Прохладная синеватая мгла спускалась на землю. Монотонно и нудно квакали лягушки в мутном пруду. Хозяйки загоняли кур в курятники, поили скот, доили коров.
Весь вечер Лейб места себе не находил. Сердитый, возбужденный, он все искал, на кого бы излить свою злобу. Несколько раз подходил к бурой первотелке и пробирал ее за то, что она не подпускает к себе быка. Затем накинулся на вторую корову — рыжую, с белыми ушами, которая в последнее время стала давать меньше молока. Он даже замахнулся было на нее хворостиной, но в эту минуту заметил, что однолетний бычок украдкой пробирается в хлев откуда-то с чужого огорода. Забыв о корове, Лейб бросился к бычку, схватил его за аркан, привязал к стойлу и давай стегать почем попало.

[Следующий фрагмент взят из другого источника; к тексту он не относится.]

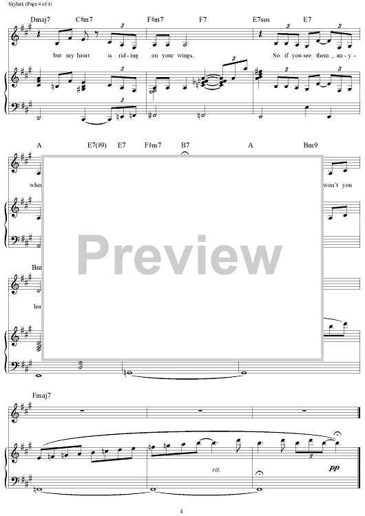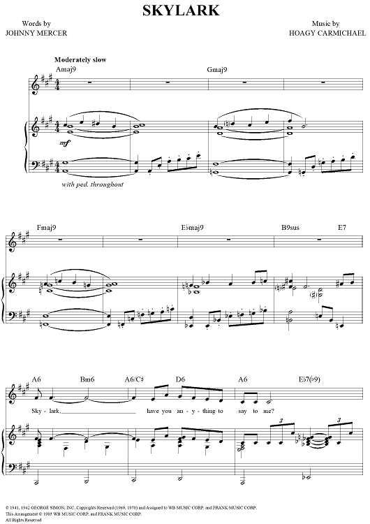 Digital Sheet Music for Skylark by Johnny Mercer, Hoagy Carmichael scored for Piano/Vocal/Chords; id:116266
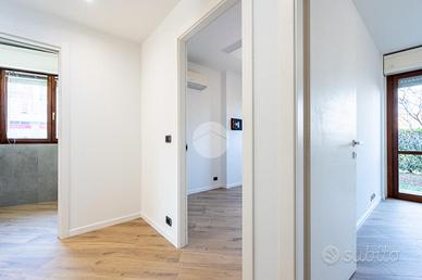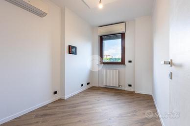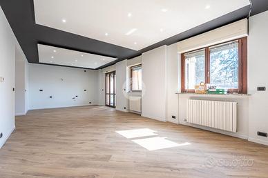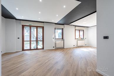 Corso Francia: in zona Regina Margherita, a pochi passi dalla futura metropolitana di Collegno Centro, posizione centrale e comoda a tutti i tipi di servizi tra cui scuole, mezzi pubblici e beni di prima necessità, pentalocale con doppio giardino. Inserito in un contesto signorile del 2002, in paramano e senza barriere architettoniche, l'immobile è stato completamente ristrutturato nel 2026 e vanta di un'ottima distribuzione interna degli spazi. Tramite il portoncino blindato si accede ad un ingresso living su soggiorno con cucina a vista con accesso diretto al giardino di 120 mq ideale per momenti di relax. Tramite il disimpegno si accede alla zona notte composta da tre camere da letto, di cui una con affaccio sull'altro giardino e dotata di cabina armadio, a differenza delle altre due camere che sono finestrate. Inoltre sono presenti i doppi servizi, di cui uno cieco e dotato di ventilazione meccanica ma entrambi serviti di box doccia. In ogni ambiente è presente il condizionatore con pompa di calore caldo/freddo.Gli infissi sono in legno doppio vetro, il riscaldamento è autonomo e le tapparelle sono motorizzate. Inoltre è presente anche un comodo ripostiglio. Completa la proprietà la cantina piastrellata situata al piano interrato, accessibile tramite ascensore condominiale.

— Чтоб тебе околеть! Чтоб тебя черти съели!
И он немилосердно хлестнул его хворостиной. Бычок заметался во все стороны, стараясь сорваться с привязи.

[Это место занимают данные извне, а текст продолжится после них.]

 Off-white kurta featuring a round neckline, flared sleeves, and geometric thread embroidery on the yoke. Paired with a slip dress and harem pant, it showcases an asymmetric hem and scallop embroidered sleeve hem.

В эту минуту во дворе показалась Хана, жена Лейба. Она шла быстро, чем-то взволнованная, и как будто спешила поделиться с мужем радостной вестью.
— Чего привязался к бычку? — крикнула она, подойдя к Лейбу.
Хана собиралась рассказать ему, какой у нее на душе праздник, но муж, окинув ее злым взглядом, отвернулся и продолжал еще ожесточеннее хлестать бычка.
— Да перестань же! Что ты делаешь? Одумайся! — она схватила мужа за руку. — Что на тебя напало? Взбеленился, что ли?
— Уйди! Уйди, говорят тебе! — закричал Лейб. — В колхозе будешь командовать, а не здесь, у меня! Явилась наконец! Ты бы после полуночи пришла!
— Ну, чего расходился? Понимаешь, обсуждался вопрос… — оправдывалась Хана.
— Знать не желаю, какие вопросы вы там обсуждаете! — сердито прервал ее Лейб. — Тебе только и дела, что бригада. Подумала бы лучше о домашнем хозяйстве! Смотри, как у нас все прахом идет. Для колхоза я тебя взял в жены, что ли? Для того ли, чтобы ты день и ночь возилась на винограднике, а я бы тут пропадал один-одинешенек?
— Ну, перестань же, умоляю! — пыталась утихомирить мужа Хана. — Это я уже слыхала не раз. Зайдем лучше в хату. Стыдно на людях свару заводить!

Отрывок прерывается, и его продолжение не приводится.